> [Exercise details]:
Please output exactly the lines below, starting at the line that has "为保证网课质量,巡课组老师深" and ending at the line that has "دانیل فریدبرگ، رئیس", both included; leave out all pictures and include nothing else.

=== Provided records ===

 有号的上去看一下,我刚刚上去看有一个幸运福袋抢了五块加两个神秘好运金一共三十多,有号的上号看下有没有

===
=== Provided records ===

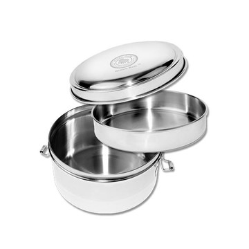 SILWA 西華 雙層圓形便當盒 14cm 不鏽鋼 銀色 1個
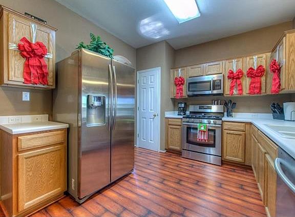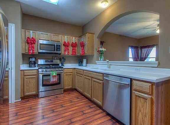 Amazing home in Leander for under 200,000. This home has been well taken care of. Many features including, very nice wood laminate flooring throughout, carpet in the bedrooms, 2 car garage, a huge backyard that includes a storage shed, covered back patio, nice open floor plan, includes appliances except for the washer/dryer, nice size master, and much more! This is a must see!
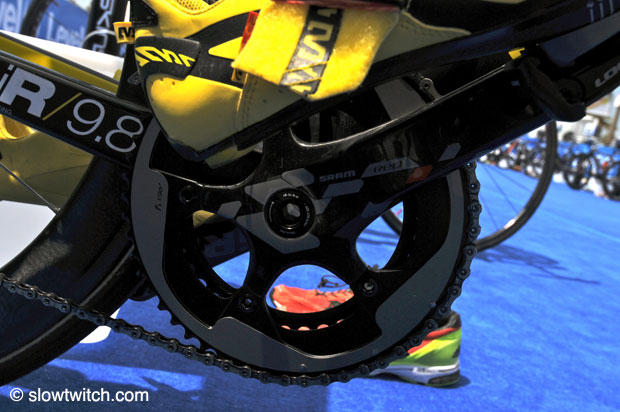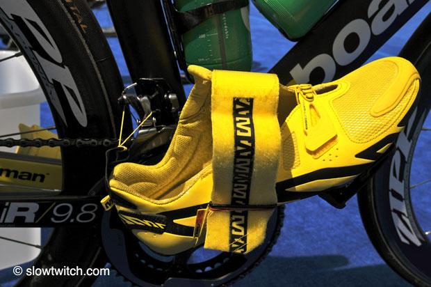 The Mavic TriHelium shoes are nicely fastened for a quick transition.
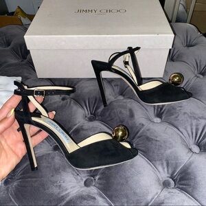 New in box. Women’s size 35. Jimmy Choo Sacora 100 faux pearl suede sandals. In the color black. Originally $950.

===
=== Provided records ===

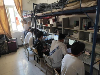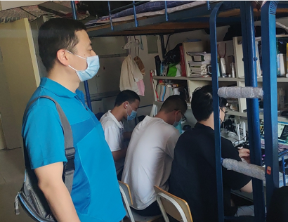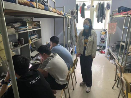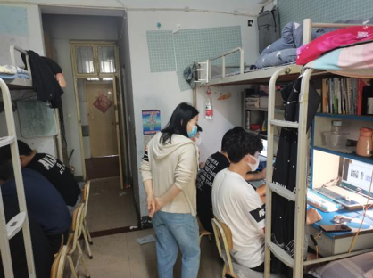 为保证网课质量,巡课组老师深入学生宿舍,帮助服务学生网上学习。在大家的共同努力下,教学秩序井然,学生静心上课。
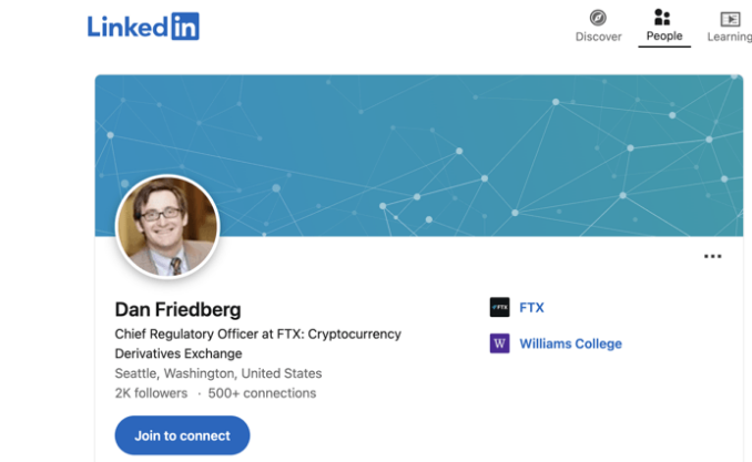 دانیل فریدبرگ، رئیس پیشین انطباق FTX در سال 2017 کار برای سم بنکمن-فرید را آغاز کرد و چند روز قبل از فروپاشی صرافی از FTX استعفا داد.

===

> [Solution to the exercise]:
 为保证网课质量,巡课组老师深入学生宿舍,帮助服务学生网上学习。在大家的共同努力下,教学秩序井然,学生静心上课。
 دانیل فریدبرگ، رئیس پیشین انطباق FTX در سال 2017 کار برای سم بنکمن-فرید را آغاز کرد و چند روز قبل از فروپاشی صرافی از FTX استعفا داد.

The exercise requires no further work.